6. Network latency: Slow network connections can affect the performance of your dashboards, especially when using live connections.
*Optimize network performance: Work with your IT team to address any network bottlenecks or latency issues.
*Use data extracts: If network latency is an issue, consider using data extracts instead of live connections.
By addressing these potential issues, you can improve the performance of your Tableau dashboards and provide a better user experience.
This is also just a really solid, detailed answer.
I also asked a couple of non-technical questions.

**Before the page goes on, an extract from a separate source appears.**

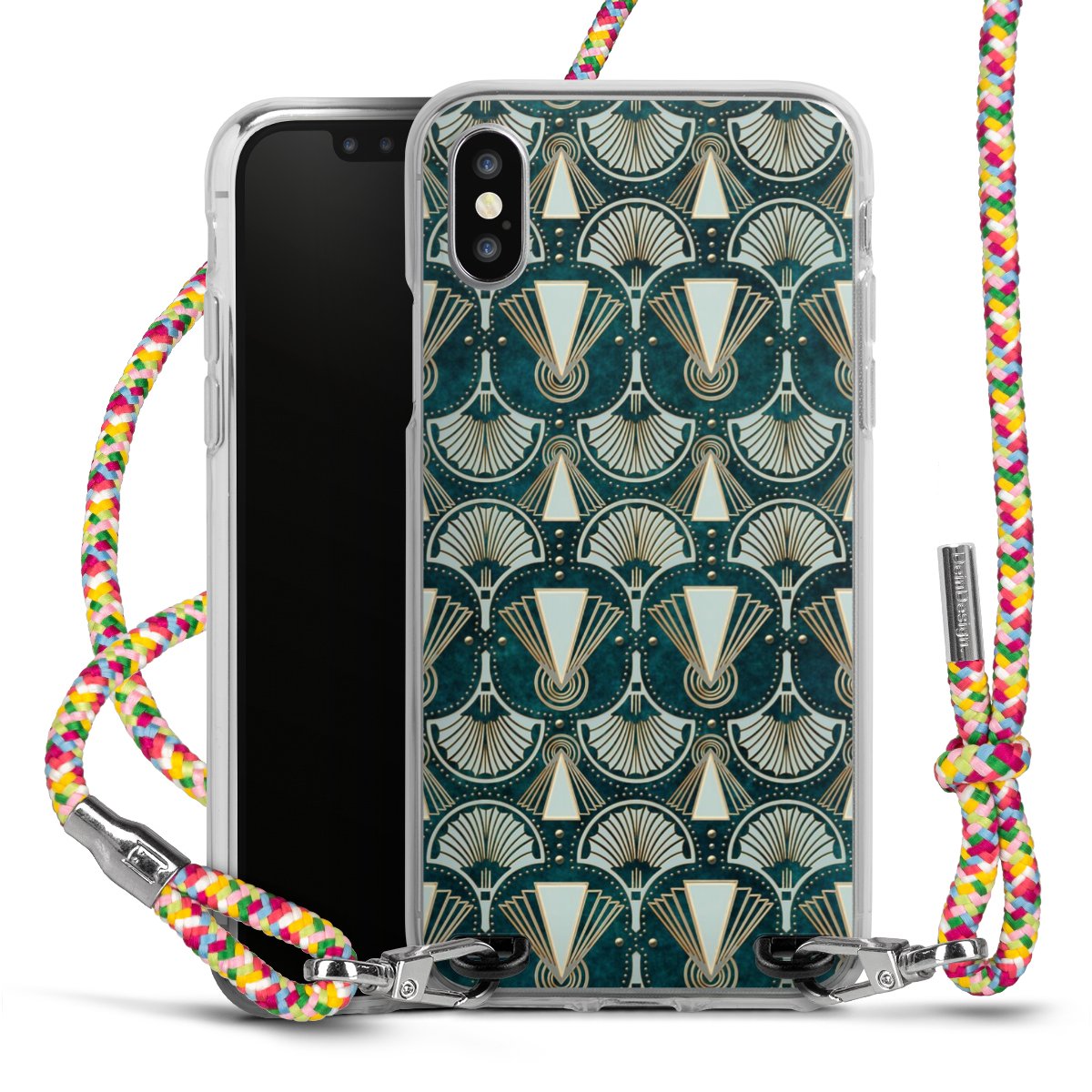 The flexible case is made from a highquality TPU material (thermoplastic Polyurethan). Thanks to its longlasting and break resistant characterisitcs, the case is flexible yet consistent in form and has a great grip and feel. The textile strap made from Polyester gives a chic yet casual accent allowing you to carry your phone like a bag or necklace - a practical gadget perfect for your next adventure. The textile strap is about 1.70 meters long and the length can easily be adjusted through the knots. Our Carry Case is available in Colourful, Mint-Camouflage, Very-Berry, Sahara-Sand and Sparkling-Neon. The ends of the textile strap are covered with metallic end caps to protect them against fraying.

I gave it my resume and told it to write me a “tell me about yourself” introduction, and it didn’t do a good job. It brought up too many specific details and didn’t really tell a story. But when I asked it to write me the answer to “my biggest weakness”, it gave me the following, which is not a bad answer for many technical people:
One of my weaknesses is that I sometimes get too focused on the technical aspects of a project and may lose sight of the bigger picture. As a data scientist, I'm passionate about delving deep into the details and ensuring the accuracy and quality of my work. However, I understand that it's essential to maintain a balance between the technical side and the overall business objectives. To address this weakness, I've been working on strengthening my communication skills and prioritizing regular check-ins with stakeholders and team members. This allows me to align my work with the project goals and be more mindful of the broader context while still maintaining a strong technical foundation.

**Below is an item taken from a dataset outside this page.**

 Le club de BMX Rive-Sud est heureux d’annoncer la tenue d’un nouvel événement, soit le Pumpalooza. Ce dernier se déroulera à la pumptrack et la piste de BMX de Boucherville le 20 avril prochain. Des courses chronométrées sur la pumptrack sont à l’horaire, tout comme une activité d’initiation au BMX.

Feasibility of GPT Use In Interviewing
But the question for us isn’t just whether GPT can give good answers to the rest of our processes, it’s whether it would be possible for a candidate to use it during a remote interview. I think there are a few plausible ways someone could use it.
First, they could have a friend in the room, off-camera. The friend could type in questions and then send them to the candidate, who could read them from their screen. You could already have a friend assisting you in cheating on an interview – but with GPT, the friend doesn’t need to know how to do anything but type.
Second, they could develop a program that translates the interviewer’s speech into text, eliminating the need for another person in the room. I don’t know how difficult this would be, but there are already attempts to create this technology in a way that would offer prompts for real-time conversations. I suspect that the part of our current interview process that would be the most robust against GPT is where candidates share their screen and code in real time - but this is a rapidly changing situation.
It’s possible that the time lag associated with getting input from models would make it obvious to the interviewer that something was going on. But for how long?
Getting Ready Now
If GPT becomes a tool that we’re able to use on our client engagements, then we should have an evaluation component where the candidate uses it. GPT would allow us to give a more difficult, interesting coding exercise that would require the candidate's judgment and coding skills and, with this assist, could also be completed during the time frame of an interview.
However, we'll still want to interview people without them using AI assistance. So if you've shifted to interviewing people remotely, it's time to think about how you are going to institute in-person components which comprehensively test everything you want to assess.
If you don't have physical office space, or you interview people in places where you don't have staff, maybe that means renting space or working with organizations that can essentially proctor your job interviews, where the candidate is being monitored in a physical space while your interviewer is on the other end of a video chat.
There are a lot of processes that GPT and other technology that's new or becoming more widely available, like voice cloning, have the potential to make vastly more adversarial. No one really wants to think that the person they're interviewing might not be who they say they are, or might be using AI to pass a coding screen or interview – but it's still better to be prepared than to be caught off-guard.